Another -more restrictive option- is to declare items as a regulatory record. The table above shows exactly how restrictive this option is. When comparing regulatory records to normal records, items declared as regulatory records properties cannot be changed, the items declared as regulatory record cannot be moved across containers (SharePoint sites, OneDrive accounts, and Exchange mailboxes), but the most restrictive option is that labels cannot be changed or removed anymore (not even by global administrators!).
Also good to note about regulatory records is:
- Retention period of an item declared as regulatory record cannot be made shorter, but only be extended.
- Retention labels that configure items as regulatory records do not support auto-labeling policies.
- Retention labels that configure items as regulatory records cannot be applied to items that are checked-out.
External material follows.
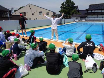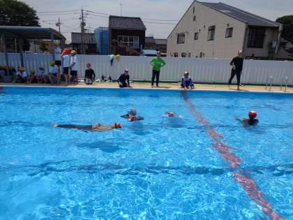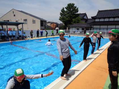 今日は赤十字水上安全指導員の方々に、水場での危険から命を守るための講習をしていただきました。水中に落下した際は、「浮いて待つ」ことが大切であると教えていただくなど、自分や周りの人達の命を守るためのすべを学んだ子供たちでした。

When you’ve gone through all of the above and you still want to declare items as regulatory records, you will have to enable the option first by connecting to the Office 365 Security & Compliance PowerShell and running the following cmdlet after which you can select marking content as regulatory record in the retention label wizard:
Set-RegulatoryComplianceUI -Enabled $true
Be sure to take a look at the following Microsoft Learn articles before you decide you need to have regulatory records:
- https://learn.microsoft.com/en-us/purview/declare-records
- https://learn.microsoft.com/en-us/purview/records-management#compare-restrictions-for-what-actions-are-allowed-or-blocked
How to see where labels are applied?
If you want to get an overview of where your retention labels are applied, take a look at the corresponding section of my article on Data Lifecycle Management (DLM) as the steps to get an overview of locations where your record labels are applied is the same as with DLM!
Hope you found this article to be useful!